Satışı, kiralamacı ve yatırımcı ayakta tutacak
Otomobil ve hafif ticari araç pazarı bu yılın ilk iki ayında geçen yılın aynı dönemine göre yüzde 14 daralarak 92 bin adet olarak gerçekleşmişti. Sektör temsilcileri henüz mart ayına yönelik satış adedi öngörüsü yapmanın zor olduğunu ifade ediyor. Ancak showroom trafiğinde yavaşlama olduğu belirtiliyor. Kar yağışı nedeniyle özellikle son 5 gün showroom trafiği zaten durma noktasındaydı. Ancak kar yağışından bağımsız bayi trafiğinin azaldığı belirtiliyor. Trafiğin azalmasında fiyat artışlarının yanı sıra çip krizi nedeniyle bayilerde oluşan sıranın erimeye başlamasının da etkili olduğu belirtiliyor. Diğer yandan, alım gücü düşen tüketici talebinde daralma yaşanırken, pandemi nedeniyle filo alımları öteleyen kiralama şirketlerinin bu ay alıma geçmesi bekleniyor. ODD Genel Koordinatörü Hayri Erce, otomobilin hala bir yatırım aracı olarak görüldüğünü ifade ederek, “Herkes elindeki parayı koruma derdinde. Bu nedenle otomobil yatırımı yapan da var” dedi.
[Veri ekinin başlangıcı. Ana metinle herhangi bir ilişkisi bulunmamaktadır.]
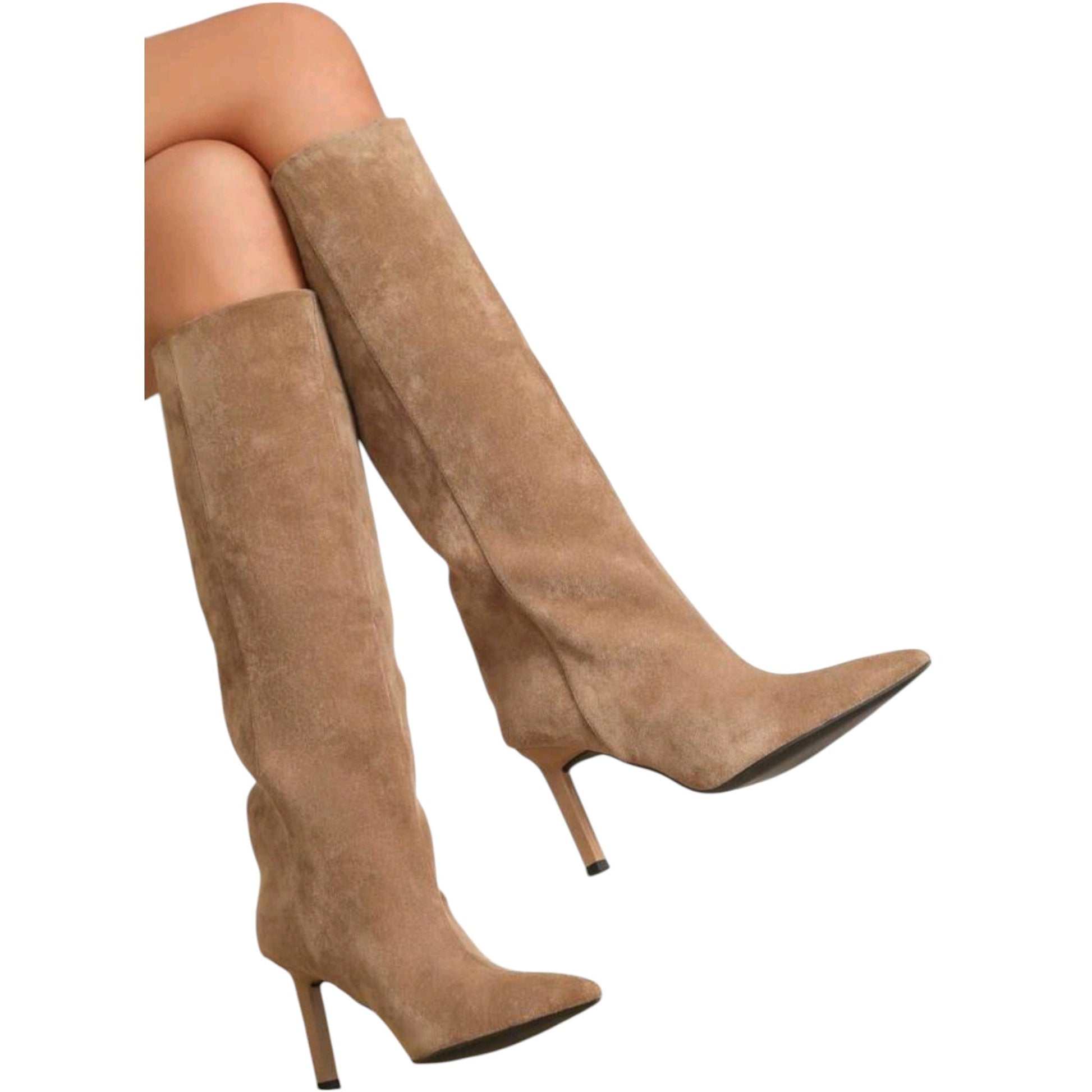 Címke nélküli, barna, velúr, hegyes orrú, magassarkú. Belső talp hossz: 23,5cm

Sıfır otomobilde yeni zamlar kapıda
Rusya-Ukrayna savaşının etkisiyle otomobil fiyatlarının da artması bekleniyor. Döviz kurunun yeniden yükselişe geçmesi otomobil fiyatlarını yukarı çeken nedenlerden biri olacak. Diğer yandan üretim maliyetlerindeki artış da fiyatlara yansıyacak. Otomotiv sektörünün ana hammaddeleri olan çelik, sac, alüminyum paladyum ve nikel gibi hammaddelerin son 30 yılın en yüksek haftalık artışına sahne oldu. Yanı sıra lojistik maliyetlerinde de yüksek artışlar yaşanıyor. Tüm bunların araç fiyatlarına kademeli olarak yansıtılması bekleniyor. Fiyatları artıracak başka bir neden de parça tedarikindeki sorunlar nedeniyle araç bulunurluk sorunun artmasının beklenmesi. Çip krizinin yeniden derinleşmesinden endişe ediliyor. Savaştan önce çip krizi ve tedarik sorunun yılın sonuna doğru çözüleceği umudu vardı. Şimdi ise toparlanma için 2024 yılı konuşulmaya başladı.
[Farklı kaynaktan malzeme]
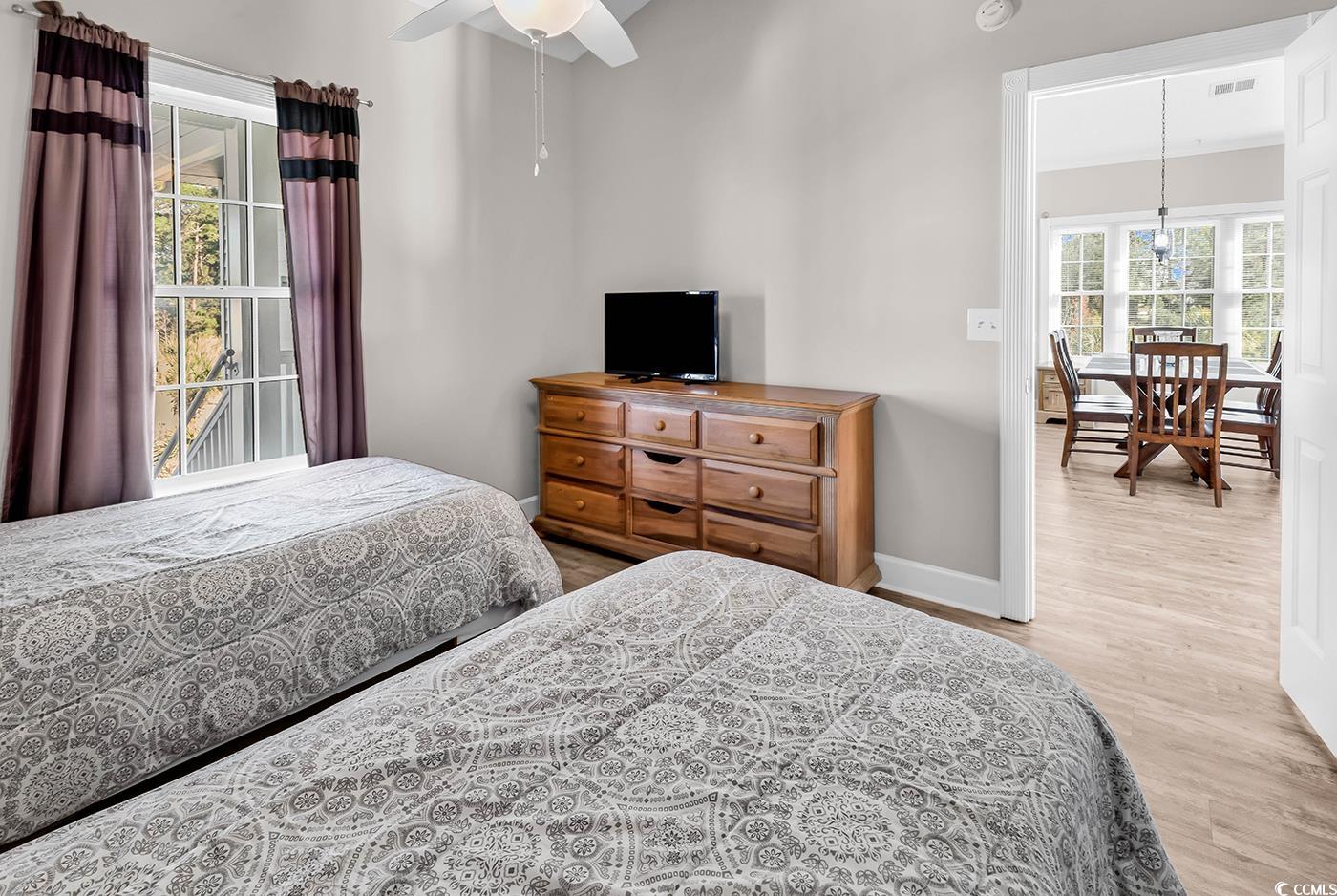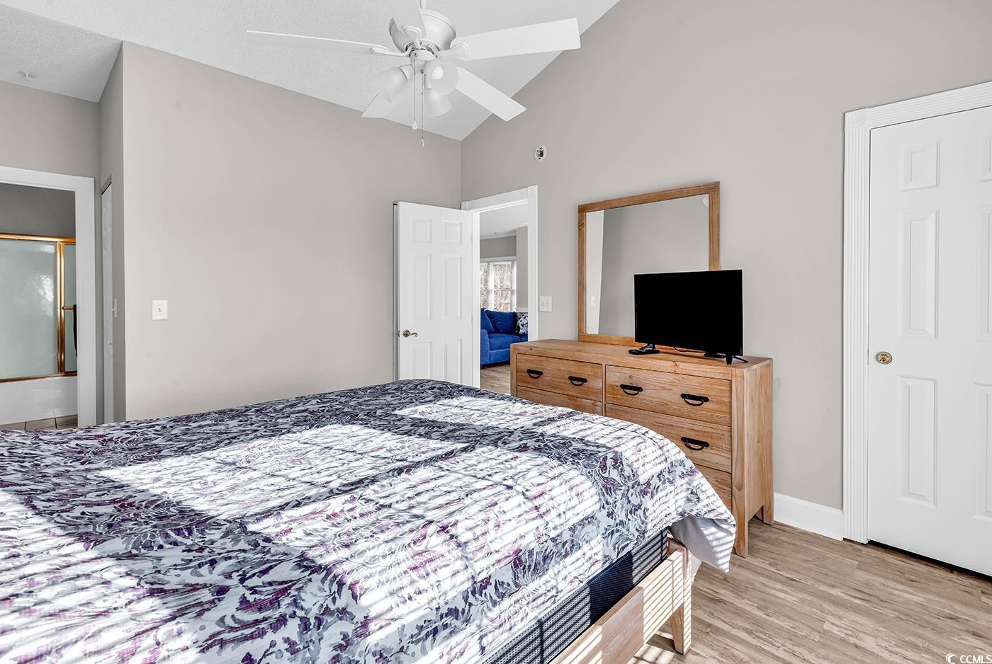 This fantastic three-bedroom/two-bathroom condo is one of the few units that has its own private garage. This is great for storage or when you decide to fly into town for an extended weekend. The unit is located adjacent to the beautiful Myrtlewood Golf Club and is centrally located to Myrtle Beach's finest attractions. The condo is an end unit and offers tons of natural light and an open floor plan with a large space for entertaining friends and family. You will be pleasantly surprised from the moment you enter the condo as your eyes are drawn to the high cathedral ceilings, nice furnishings, and new laminate flooring. The white, crisp, clean kitchen has all your cooking needs with all major appliances and accessories. The split bedroom plan offers privacy for you and your guests. The primary bedroom features vaulted ceilings, a walk-in closet, and a linen closet. The second bedroom is connected to the guest bathroom, which contains the washer and dryer. Enjoy relaxing on the balcony overlooking one of Myrtle Beach's finest golf courses. Magnolia North offers several pools and gas grills located throughout the complex for enjoying the outdoors. The community is located approximately 3 miles from the beach and two miles from Myrtle Beach's biggest attraction, Broadway at the Beach. Whether you are looking for a primary home, a home away from home, or an investment opportunity, this checks all of the boxes.

Dönemsel araç kiralama talebi artıyor
Artan otomobil fiyatlarının kısa dönem araç kiralama talebini artırması bekleniyor. Özellikle günlük ve dönemsel kiralamada artış olacağı öngörülüyor. Garenta ve ikinciyeni. com Genel Müdürü Şafak Savcı da otomobil fiyatlarındaki artışın dönemsel kiralamayı daha cazip hale getirdiğine dikkat çekerek, “Araç kiralamaya olan talep artıyor. Bunu hem kendi kiralama sayılarımızda hem de yapılan araştırmalarda görüyoruz. Bu yılın ilk iki ayında gerçekleştirdiğimiz kiralama sayısı geçen yılın aynı dönemine göre yüzde 50 artmış durumda. Elbette kısıtlamaların son bulması da burada etkili ancak yine de talebin arttığını rahatlıkla söyleyebiliriz. Talepteki artışı tek bir değişkene bağlamak doğru olmayacak. Ancak otomobil fiyatlarındaki artış dönemsel kiralamayı daha cazip hale getiriyor. Uzun tatil dönemleri ve yaz aylarının gelmesiyle birlikte talebin daha da artacağını söyleyebiliriz” açıklamasını yaptı.